_INFORMATION PROVIDED_
# # # # #

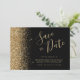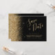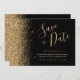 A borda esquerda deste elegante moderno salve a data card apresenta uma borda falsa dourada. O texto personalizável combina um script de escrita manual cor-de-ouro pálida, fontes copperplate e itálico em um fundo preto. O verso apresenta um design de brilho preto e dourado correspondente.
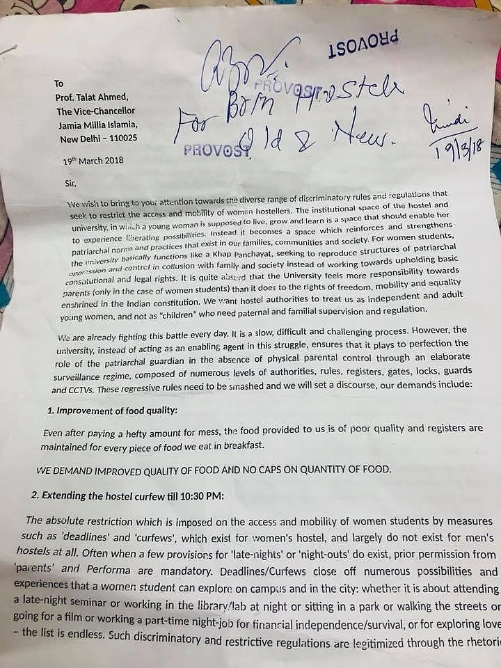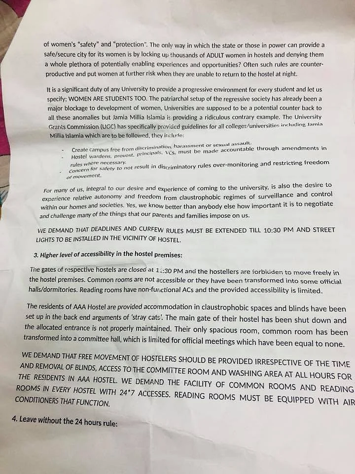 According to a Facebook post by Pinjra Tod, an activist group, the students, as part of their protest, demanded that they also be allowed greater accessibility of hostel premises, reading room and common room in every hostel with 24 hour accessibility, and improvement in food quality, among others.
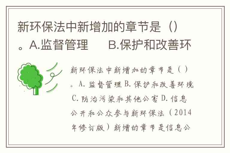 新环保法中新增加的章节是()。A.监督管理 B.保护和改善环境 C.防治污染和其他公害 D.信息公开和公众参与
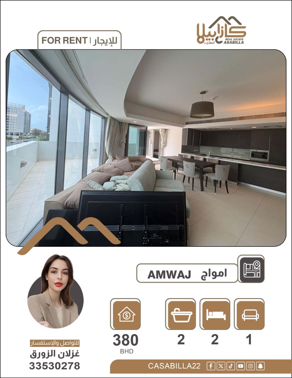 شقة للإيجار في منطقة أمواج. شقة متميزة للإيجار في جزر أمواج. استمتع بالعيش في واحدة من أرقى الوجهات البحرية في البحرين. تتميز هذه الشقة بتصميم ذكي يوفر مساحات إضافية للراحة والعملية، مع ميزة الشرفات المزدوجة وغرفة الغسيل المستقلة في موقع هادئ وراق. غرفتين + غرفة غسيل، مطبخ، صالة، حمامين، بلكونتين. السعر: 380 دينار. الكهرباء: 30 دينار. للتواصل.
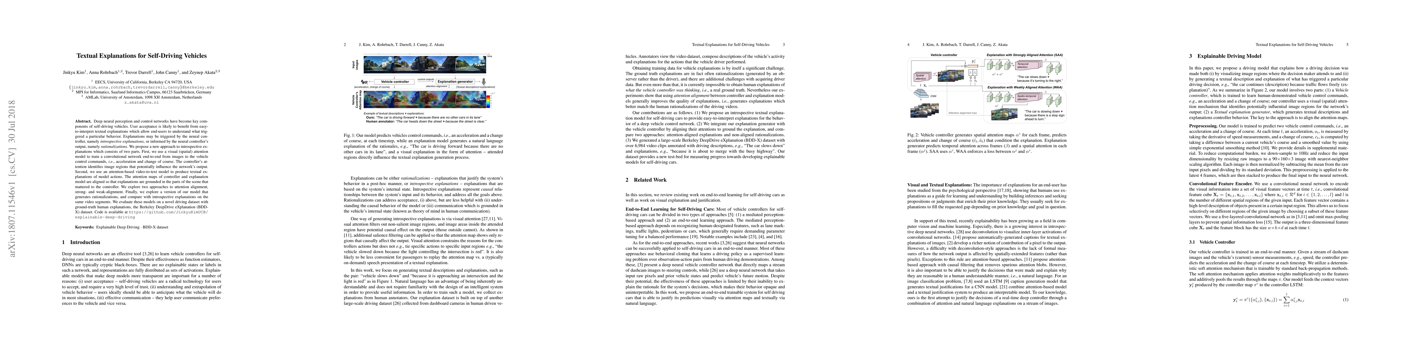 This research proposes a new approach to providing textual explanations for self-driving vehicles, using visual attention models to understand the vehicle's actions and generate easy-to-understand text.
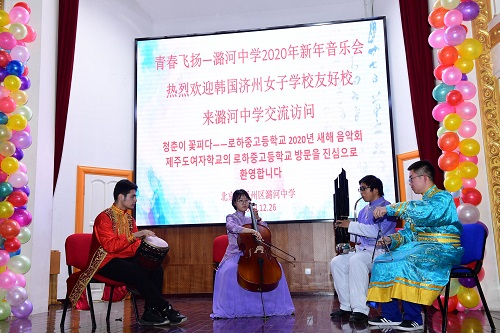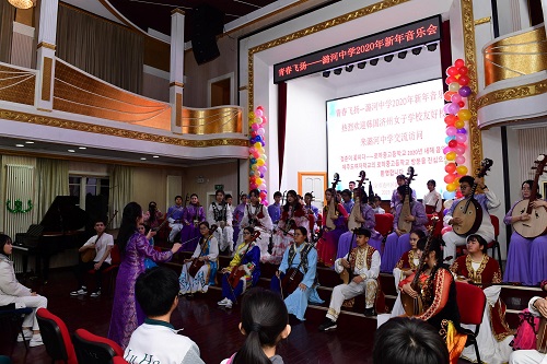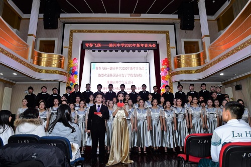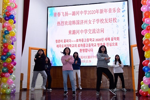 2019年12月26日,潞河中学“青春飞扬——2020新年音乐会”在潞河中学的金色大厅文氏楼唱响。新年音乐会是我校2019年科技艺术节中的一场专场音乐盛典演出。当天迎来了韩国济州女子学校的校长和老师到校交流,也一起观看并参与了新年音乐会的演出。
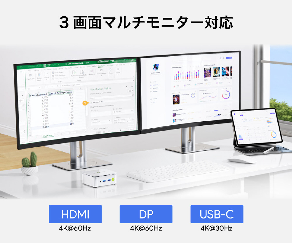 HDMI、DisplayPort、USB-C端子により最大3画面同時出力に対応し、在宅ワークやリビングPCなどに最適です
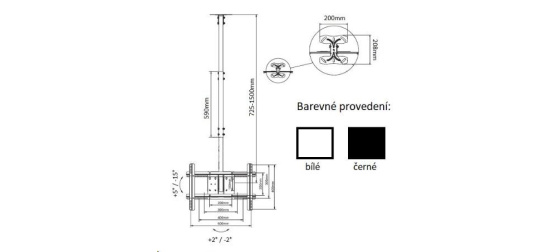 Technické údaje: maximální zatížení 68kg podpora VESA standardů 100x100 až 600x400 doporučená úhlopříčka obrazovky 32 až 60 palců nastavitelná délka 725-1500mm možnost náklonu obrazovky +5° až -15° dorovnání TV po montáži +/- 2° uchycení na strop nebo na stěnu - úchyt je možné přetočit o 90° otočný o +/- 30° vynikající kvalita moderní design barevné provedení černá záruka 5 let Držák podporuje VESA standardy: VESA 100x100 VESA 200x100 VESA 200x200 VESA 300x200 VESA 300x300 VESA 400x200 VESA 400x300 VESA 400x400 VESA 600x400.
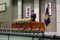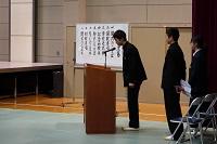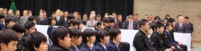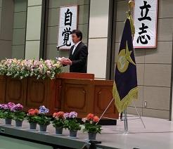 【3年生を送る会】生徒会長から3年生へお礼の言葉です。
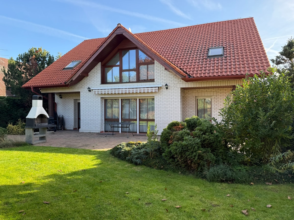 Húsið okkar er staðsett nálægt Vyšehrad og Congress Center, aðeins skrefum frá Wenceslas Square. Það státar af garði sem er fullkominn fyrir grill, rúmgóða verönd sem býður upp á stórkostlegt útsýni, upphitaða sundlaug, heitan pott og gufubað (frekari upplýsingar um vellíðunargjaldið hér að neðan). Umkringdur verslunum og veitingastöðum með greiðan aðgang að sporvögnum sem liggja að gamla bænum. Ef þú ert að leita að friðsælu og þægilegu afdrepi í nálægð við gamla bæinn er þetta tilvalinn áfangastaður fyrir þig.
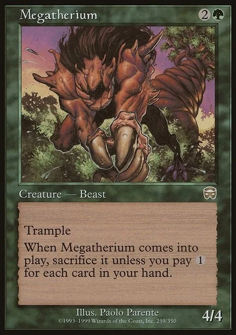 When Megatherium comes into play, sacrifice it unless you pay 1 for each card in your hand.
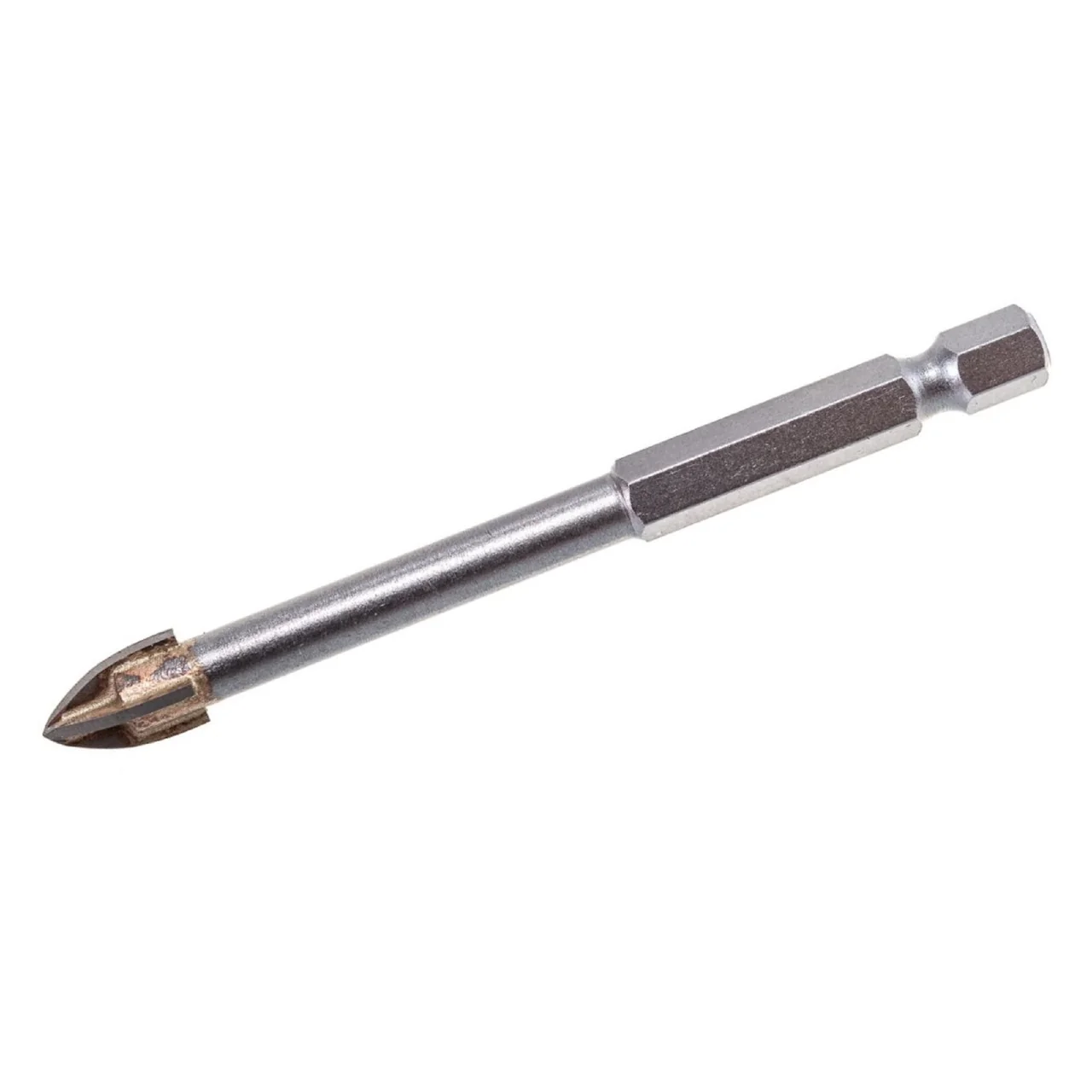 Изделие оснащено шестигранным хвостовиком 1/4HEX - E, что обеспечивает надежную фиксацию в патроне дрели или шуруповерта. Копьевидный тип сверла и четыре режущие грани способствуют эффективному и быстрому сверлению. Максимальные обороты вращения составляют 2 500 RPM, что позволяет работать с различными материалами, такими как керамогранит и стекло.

# # # # #

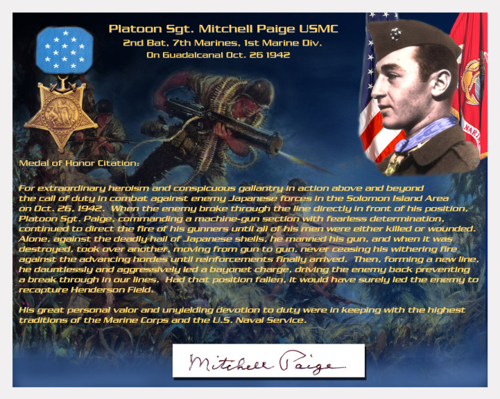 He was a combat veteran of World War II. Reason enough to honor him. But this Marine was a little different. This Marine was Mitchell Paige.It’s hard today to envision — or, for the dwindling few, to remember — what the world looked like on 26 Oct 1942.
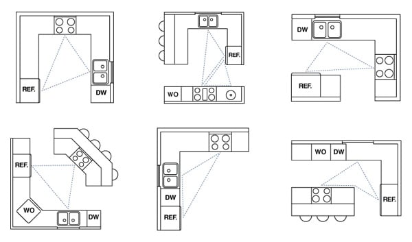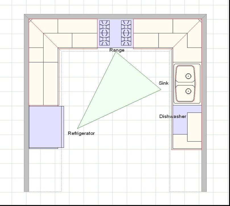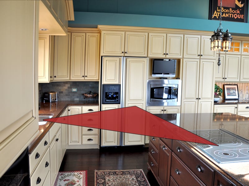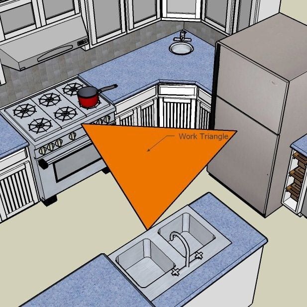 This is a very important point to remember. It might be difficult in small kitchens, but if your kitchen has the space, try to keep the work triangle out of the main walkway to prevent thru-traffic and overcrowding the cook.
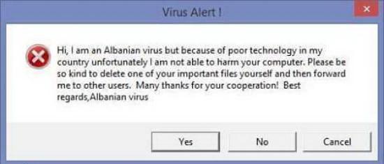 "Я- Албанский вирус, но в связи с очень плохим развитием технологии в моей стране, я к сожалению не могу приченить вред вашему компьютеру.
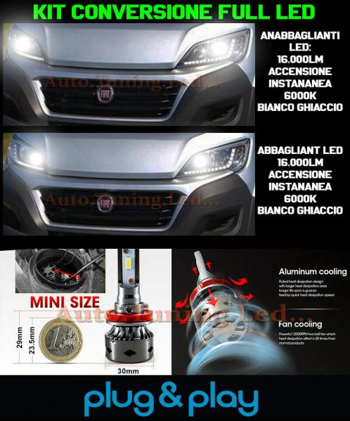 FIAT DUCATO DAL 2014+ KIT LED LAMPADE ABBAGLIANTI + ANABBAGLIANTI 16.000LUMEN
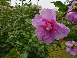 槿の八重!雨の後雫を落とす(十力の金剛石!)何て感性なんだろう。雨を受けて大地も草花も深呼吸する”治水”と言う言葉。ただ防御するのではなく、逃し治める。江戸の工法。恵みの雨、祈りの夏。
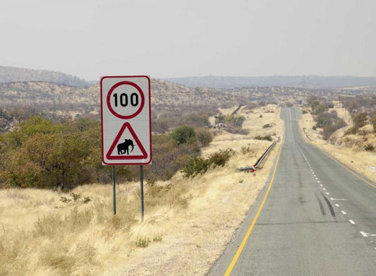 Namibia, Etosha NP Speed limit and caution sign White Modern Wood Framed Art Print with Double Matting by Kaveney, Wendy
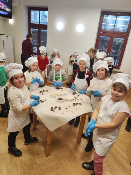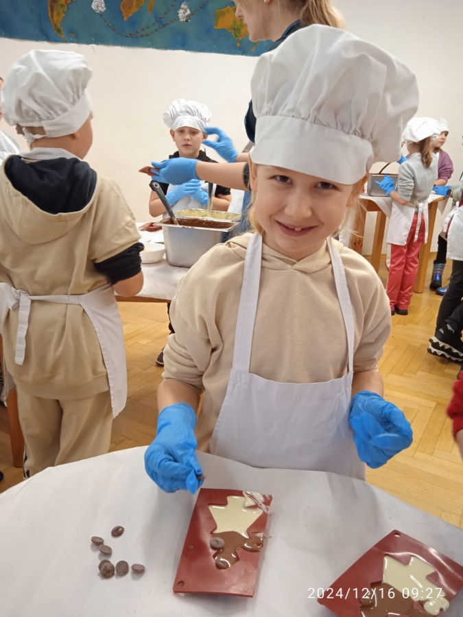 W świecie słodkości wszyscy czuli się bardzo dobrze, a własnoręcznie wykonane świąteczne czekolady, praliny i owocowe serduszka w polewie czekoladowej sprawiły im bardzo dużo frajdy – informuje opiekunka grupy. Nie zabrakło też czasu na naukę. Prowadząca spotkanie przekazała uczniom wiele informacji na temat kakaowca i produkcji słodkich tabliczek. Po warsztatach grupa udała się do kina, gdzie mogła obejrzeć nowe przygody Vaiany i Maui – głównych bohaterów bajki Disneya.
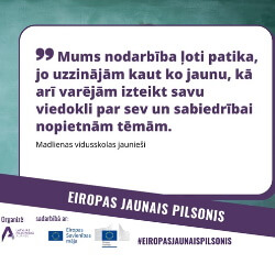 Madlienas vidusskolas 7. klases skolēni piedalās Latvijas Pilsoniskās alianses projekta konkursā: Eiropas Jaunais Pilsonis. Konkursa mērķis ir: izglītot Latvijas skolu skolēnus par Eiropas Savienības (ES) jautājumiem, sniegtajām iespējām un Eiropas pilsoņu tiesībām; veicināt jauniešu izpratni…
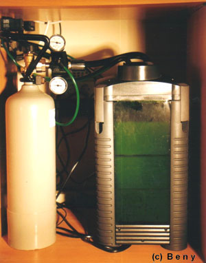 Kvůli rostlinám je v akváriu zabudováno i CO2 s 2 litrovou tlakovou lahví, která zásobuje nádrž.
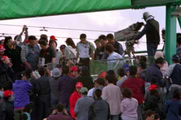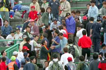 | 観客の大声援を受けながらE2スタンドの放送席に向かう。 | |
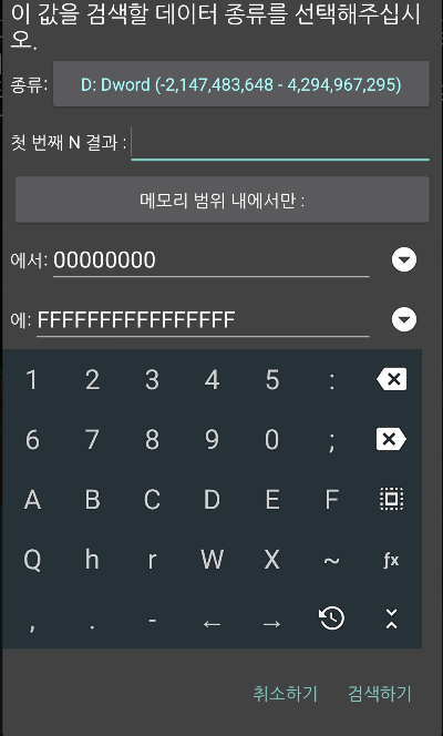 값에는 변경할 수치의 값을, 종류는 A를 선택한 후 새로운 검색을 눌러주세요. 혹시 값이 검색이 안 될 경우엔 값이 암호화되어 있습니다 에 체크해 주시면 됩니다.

# # # # #

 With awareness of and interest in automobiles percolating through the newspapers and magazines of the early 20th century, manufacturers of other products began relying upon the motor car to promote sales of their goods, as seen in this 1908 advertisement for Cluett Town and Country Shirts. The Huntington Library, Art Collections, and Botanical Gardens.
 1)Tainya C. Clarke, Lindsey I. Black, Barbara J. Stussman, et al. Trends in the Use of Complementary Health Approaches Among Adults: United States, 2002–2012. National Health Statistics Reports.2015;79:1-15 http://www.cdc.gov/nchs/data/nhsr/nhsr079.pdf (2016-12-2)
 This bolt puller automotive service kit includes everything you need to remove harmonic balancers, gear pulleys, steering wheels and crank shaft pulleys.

# # # # #

_EXERCISE_
Word for word, write out the lines above running from the one with "A borda esquerda" up to and including the one with "新环保法中新增加的章节是()。A.监督管理 B.保护和改善环境 C.防治污染和其他公害". Drop any picture.

_WRITTEN REPLY_
 A borda esquerda deste elegante moderno salve a data card apresenta uma borda falsa dourada. O texto personalizável combina um script de escrita manual cor-de-ouro pálida, fontes copperplate e itálico em um fundo preto. O verso apresenta um design de brilho preto e dourado correspondente.
 According to a Facebook post by Pinjra Tod, an activist group, the students, as part of their protest, demanded that they also be allowed greater accessibility of hostel premises, reading room and common room in every hostel with 24 hour accessibility, and improvement in food quality, among others.
 新环保法中新增加的章节是()。A.监督管理 B.保护和改善环境 C.防治污染和其他公害 D.信息公开和公众参与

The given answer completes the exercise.